SEC Climate Disclosure Rule For Public Companies

The US Securities and Exchange Commission hopes to implement new climate change disclosure rules by the end of 2022.


It will likely be a long and contentious haul over the next few years before registered public companies must enhance the way they report climate-related financial risks and metrics to the US Securities and Exchange Commission.

The federal agency’s proposed climate-related disclosure rule, issued on March 21, follows its 2021 request to at least 43 companies for details on the significant risks emerging from the changing climate. Those inquiries—the most over the past 14 years, asked about a range of risks—from hurricanes to litigation to regulatory compliance costs. It followed the federal agency’s September 2021 publication of a list of requests it sent to executives related to a 2010 guidance document on climate-change disclosures.
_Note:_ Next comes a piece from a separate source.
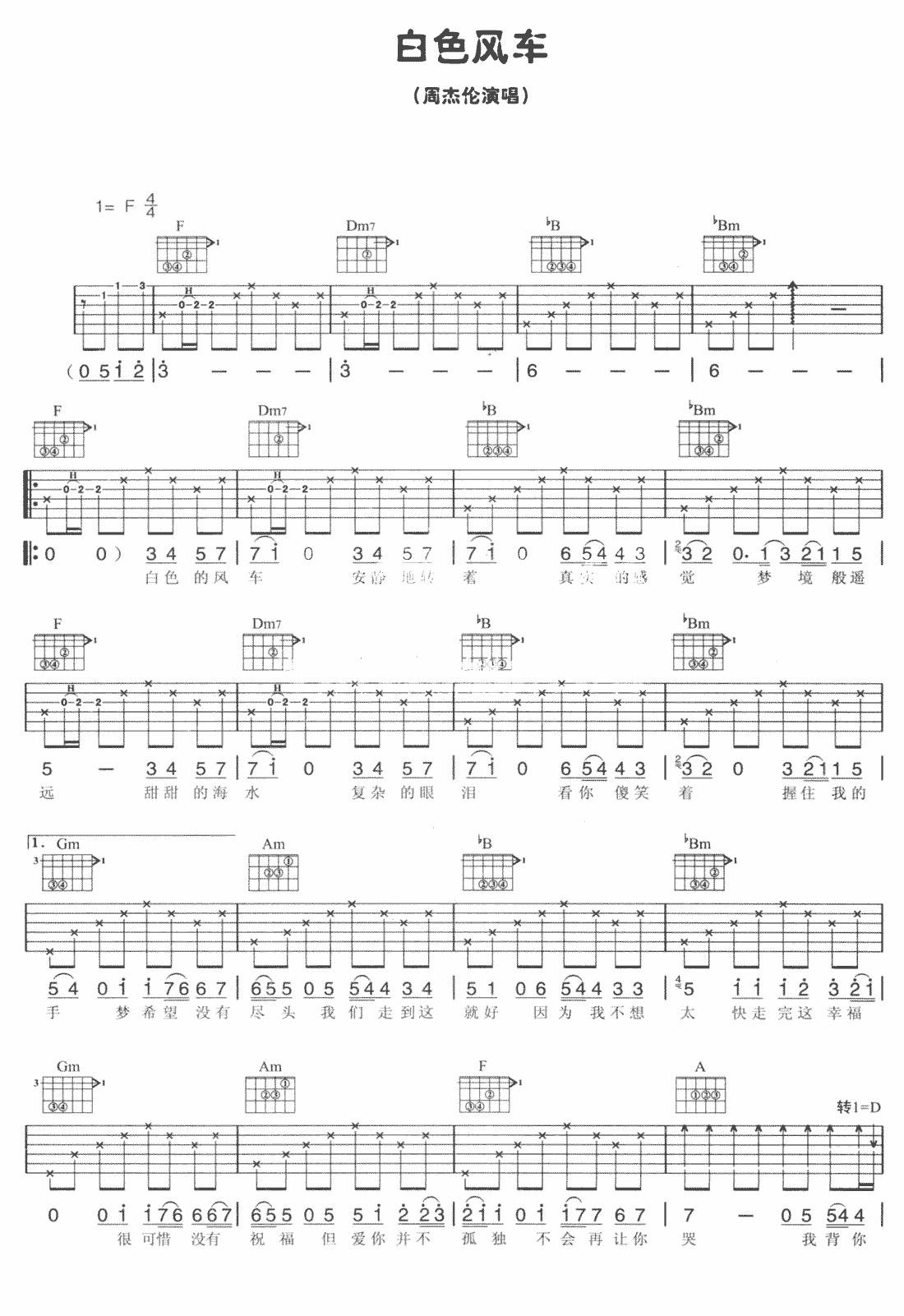 白色风车吉他谱,曲白色风车吉他谱,曲谱采用F调和弦编配。周杰伦《白色风车》吉他谱,曲谱共三页图片六线谱。谱采用F调和弦编配。周杰伦《白色风车》吉他谱,曲谱共三页图片六线谱。...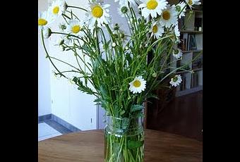 Pour faire écho au billet d'OXYGÈNE, j'ai cueilli un bouquet de marguerites.Des fleurs simples que l'on peut effeuiller si l'on a envie... mais, il y a un MAIS... elles dégagent une odeur assez insupportable. Une odeur un peu fumée, voire faisandée...Certain(e)s cuisinier(e)s les ajoutent en salade quand elles sont en boutons, et leur goût s'apparenterait à celui de la guimauve. On peut aussi préparer du vin de margueritesLes vaches en raffolent... des marguerites !!!Serait-ce pour cette raison qu'on les prénomme Marguerite ?Peut-être qu'à force de les ruminer, elles en deviennent "cinglées" !!!

Companies and industry associations will have at least until May 20 to lay out their concerns—whether on costs, feasibility or liabilities—with the requirements laid out in the giant 506-page document. If the rule kicks in by year’s end, as the agency wants, the first company reports would be due in 2024, covering data from the 2023 fiscal year.

Yet legal challenges are expected once the rule is finalized, particularly on the agency’s statutory authority to enact comprehensive climate disclosure regulations without approval from Congress.

In the proposal, the SEC notes that disclosures related to climate change have generally increased over the past dozen years. Yet the content, detail and location vary, whether in official reports filed with the commission or sustainability reports found on company websites. The current disclosure system is not turning out consistent, comparable and reliable information. 

Amber Fairbanks, portfolio manager at Mirova US, a sustainable-investment manager affiliated with Natixis Investment Managers, says investors are helped by comprehensive disclosure requirements that make it easier to compare data across companies. “We think it is important that there be regulation to standardize ESG data,” she says, “particularly given the amount of greenwashing that’s prevalent at the moment.”